[Saved data entries]
▼
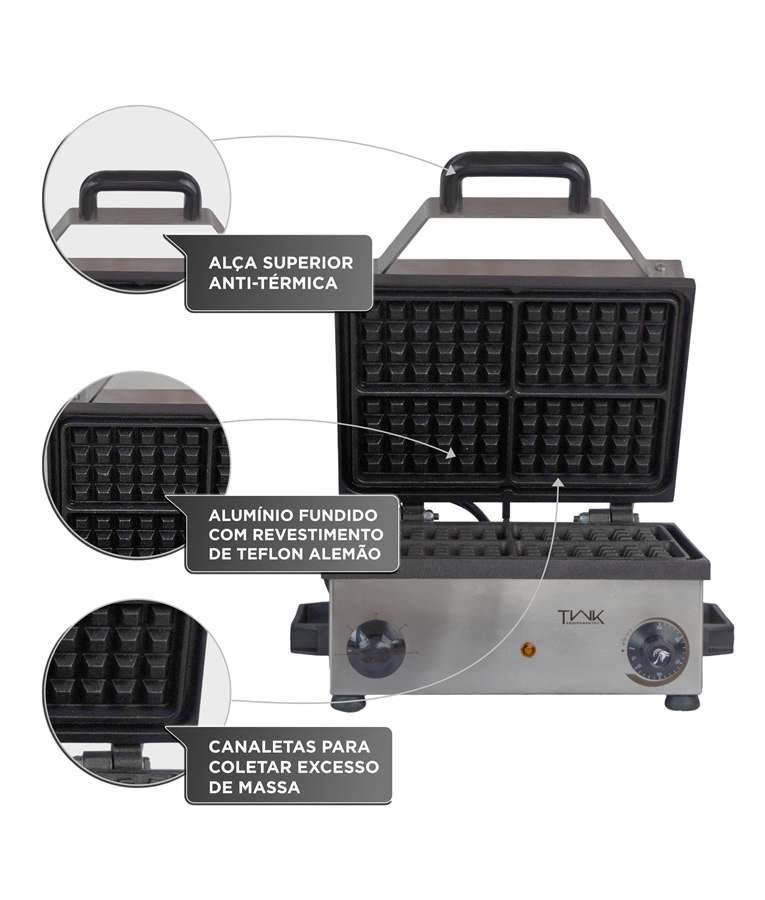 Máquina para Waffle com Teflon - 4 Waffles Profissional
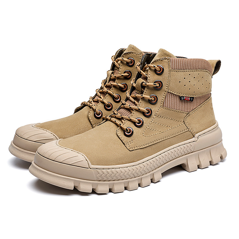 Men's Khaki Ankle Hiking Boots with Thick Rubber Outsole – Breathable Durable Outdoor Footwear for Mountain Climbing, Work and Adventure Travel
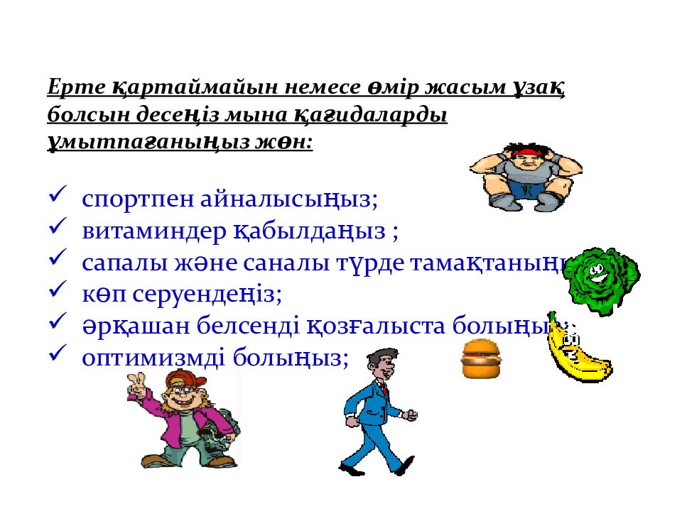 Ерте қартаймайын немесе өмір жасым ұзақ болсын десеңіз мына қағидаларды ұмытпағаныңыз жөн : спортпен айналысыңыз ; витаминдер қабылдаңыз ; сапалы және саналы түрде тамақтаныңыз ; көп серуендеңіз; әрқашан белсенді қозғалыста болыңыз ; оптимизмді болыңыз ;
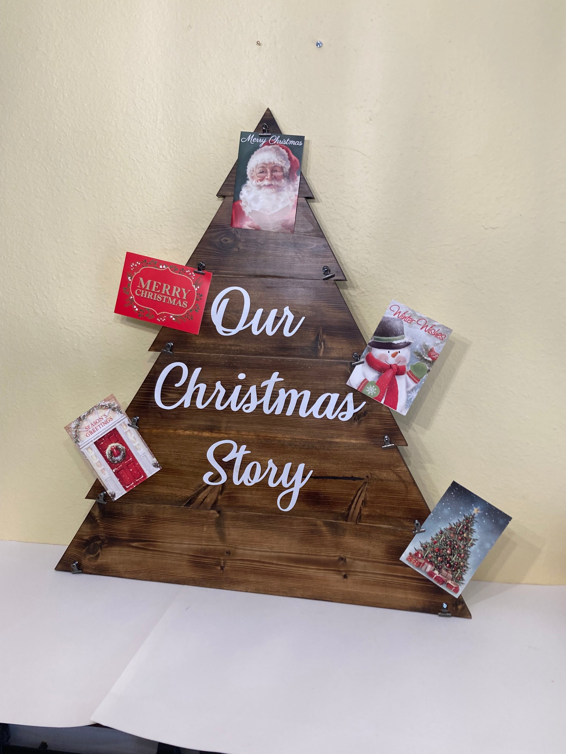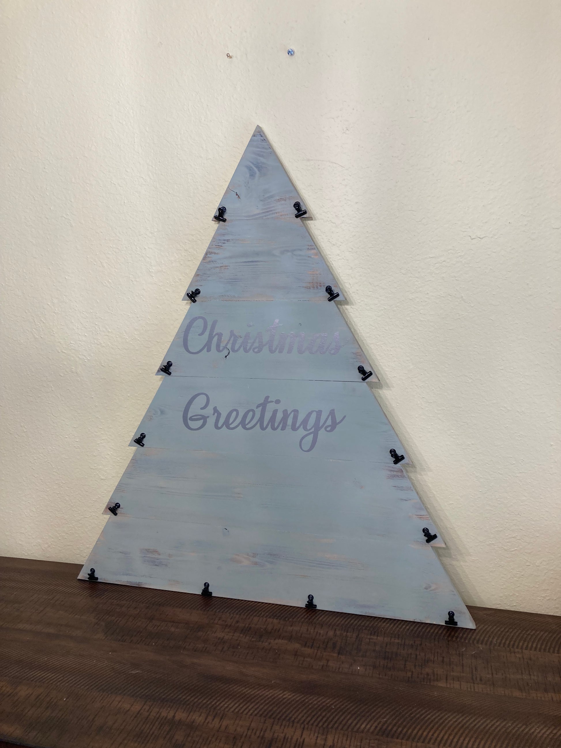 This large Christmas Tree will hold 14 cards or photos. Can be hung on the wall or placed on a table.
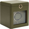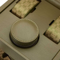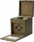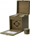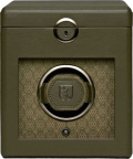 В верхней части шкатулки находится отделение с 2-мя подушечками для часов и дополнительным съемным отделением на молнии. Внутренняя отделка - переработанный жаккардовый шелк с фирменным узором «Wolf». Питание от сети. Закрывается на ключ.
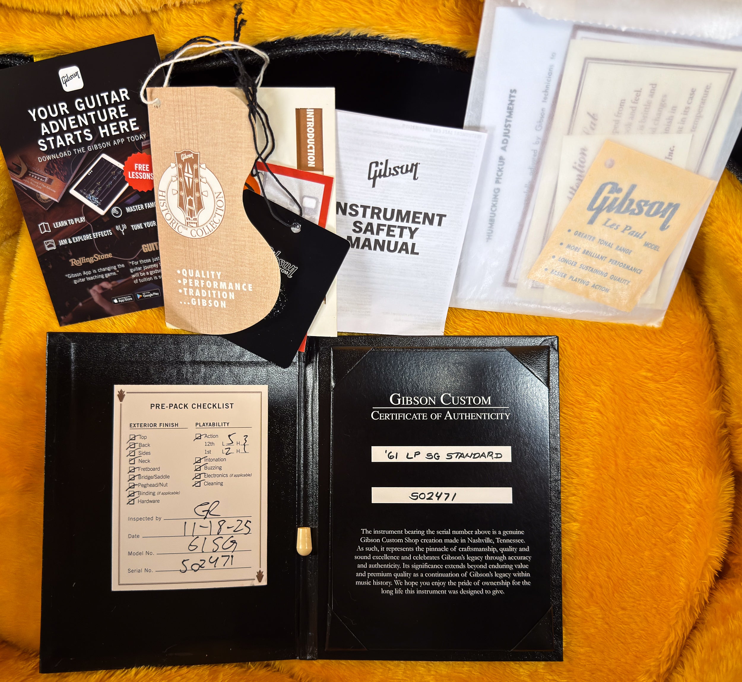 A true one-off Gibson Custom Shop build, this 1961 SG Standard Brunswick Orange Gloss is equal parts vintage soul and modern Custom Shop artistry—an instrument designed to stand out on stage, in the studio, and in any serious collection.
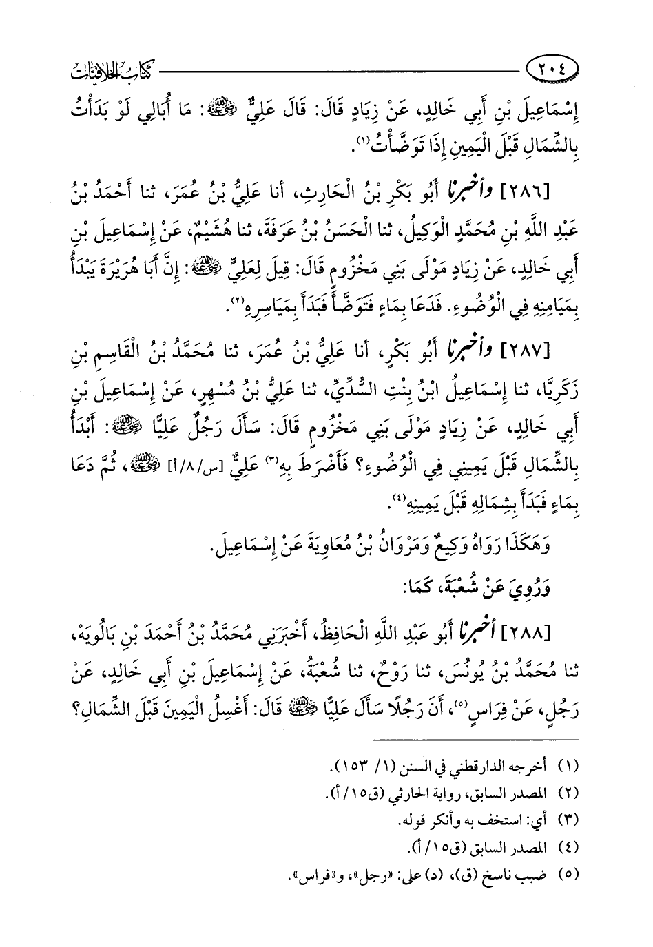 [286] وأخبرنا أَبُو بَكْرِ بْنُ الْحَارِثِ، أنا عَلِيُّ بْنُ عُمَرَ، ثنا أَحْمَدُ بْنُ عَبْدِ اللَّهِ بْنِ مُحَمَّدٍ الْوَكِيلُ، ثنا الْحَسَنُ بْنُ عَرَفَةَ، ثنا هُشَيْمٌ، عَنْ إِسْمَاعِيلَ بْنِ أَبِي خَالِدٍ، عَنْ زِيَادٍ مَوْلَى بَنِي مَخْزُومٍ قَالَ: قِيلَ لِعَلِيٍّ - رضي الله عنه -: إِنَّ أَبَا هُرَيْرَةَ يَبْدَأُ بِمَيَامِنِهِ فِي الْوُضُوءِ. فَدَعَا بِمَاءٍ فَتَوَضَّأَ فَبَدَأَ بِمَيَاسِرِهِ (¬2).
▲
Problem requirements ->
Write out each line exactly, from the one containing "This large Christmas" through the end of the entries, and skip the pictures.

Solution to the exercise ->
 This large Christmas Tree will hold 14 cards or photos. Can be hung on the wall or placed on a table.
 В верхней части шкатулки находится отделение с 2-мя подушечками для часов и дополнительным съемным отделением на молнии. Внутренняя отделка - переработанный жаккардовый шелк с фирменным узором «Wolf». Питание от сети. Закрывается на ключ.
 A true one-off Gibson Custom Shop build, this 1961 SG Standard Brunswick Orange Gloss is equal parts vintage soul and modern Custom Shop artistry—an instrument designed to stand out on stage, in the studio, and in any serious collection.
 [286] وأخبرنا أَبُو بَكْرِ بْنُ الْحَارِثِ، أنا عَلِيُّ بْنُ عُمَرَ، ثنا أَحْمَدُ بْنُ عَبْدِ اللَّهِ بْنِ مُحَمَّدٍ الْوَكِيلُ، ثنا الْحَسَنُ بْنُ عَرَفَةَ، ثنا هُشَيْمٌ، عَنْ إِسْمَاعِيلَ بْنِ أَبِي خَالِدٍ، عَنْ زِيَادٍ مَوْلَى بَنِي مَخْزُومٍ قَالَ: قِيلَ لِعَلِيٍّ - رضي الله عنه -: إِنَّ أَبَا هُرَيْرَةَ يَبْدَأُ بِمَيَامِنِهِ فِي الْوُضُوءِ. فَدَعَا بِمَاءٍ فَتَوَضَّأَ فَبَدَأَ بِمَيَاسِرِهِ (¬2).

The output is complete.